54. Betsie Norris: "Founder and Executive Director of Adoption Network Cleveland"
Betsie Norris is the Founder and Executive Director of Adoption Network Cleveland: The Ohio Family Connection.
Betsie is an adoptee who searched for and was reunited with her birthparents and siblings in 1986, when she was in her mid-twenties. She emerged from that experience with strong convictions about the lifelong journey of adoption for all involved, and the need for systemic change. She found Adoption Network Cleveland in 1988, was a volunteer for the first 7 years, and has been the Executive Director since 1995.
With a wide array of programs and services, Adoption Network Cleveland has been recognized nationally as a successful model for effective service and advocacy for members of the adoption community including adoptees, adoptive, foster and kinship families, birthparents and siblings, youth in foster care and related professionals.

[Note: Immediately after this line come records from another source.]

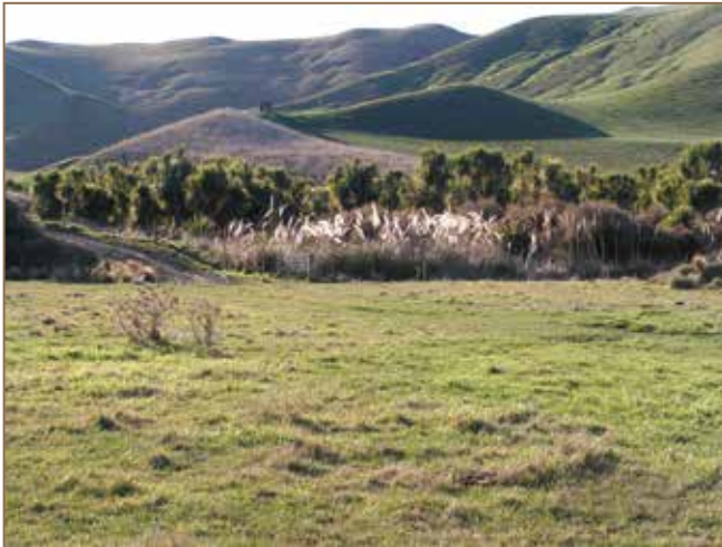
Wetland restoration success: this wetland on a farm in Marlborough highlights what can be done when appropriate native species are used and nutrient inputs to the wetland well managed.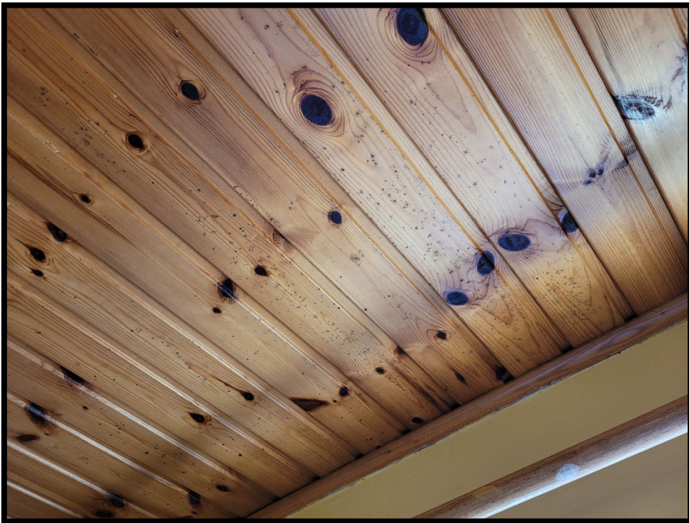
Photograph 19 Kitchen – slight mould to pine ceiling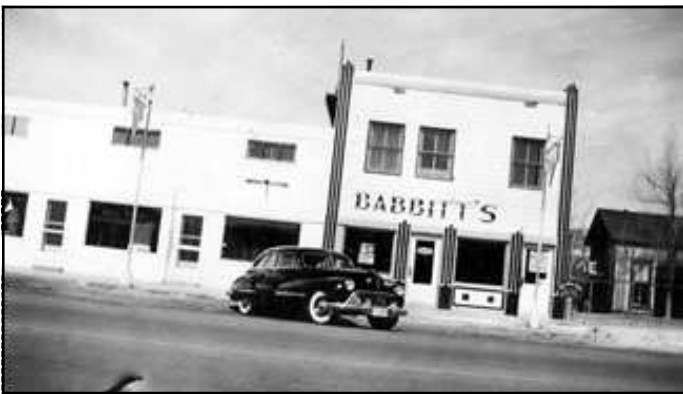
Photo #13881.... The temporary Babbitt Brothers store on Beale Street between Third and Fourth. This building is now occupied by a printing business.

Betsie has become a frequent spokesperson in the media and has led the organization to long-term success building innovative programs and having a strong advocacy voice. Major advocacy achievements include leading successful efforts to decrease barriers to permanency for youth lingering in foster care, and changing laws about access to records resulting in Ohio adoptees gaining access to their original birth certificates. Adoption Network Cleveland served as the lead agency of the Adopt Cuyahoga's Kids Initiative, a public-private-philanthropic partnership which was responsible for reducing the number of youth waiting for adoption in Cuyahoga County foster care from 1,700 in 2004 to approximately 500 in 2018. The organization has supported and assisted in thousands of successful adoptee/birthparent, adoptee/sibling and DNA searches and reunions, and has been a leader in supporting families to enhance permanency for children and youth. Over a 25+ year period, Betsie took the lead on legislation to reform Ohio's adoption laws, and as a result all Ohio-born adult adoptees adopted have access to to their original birth certificates, including 400,000 adoptees adopted in Ohio's formerly "closed" period (1964-1996) starting in March 2015. The story of her involvement is highlighted in the short documentary An Adoptee ROARed in Ohio: The Betsie Norris Story by Jean Strauss, which debuted at the Cleveland International Film Festival in 2014. Betsie is co-author of Journeys After Adoption: Understanding the Lifelong Process (Bergin & Garvey, 2002) and her story is featured in several books. Prior to her work in adoption and child welfare, Betsie worked as an RN in child and adolescent psychiatry.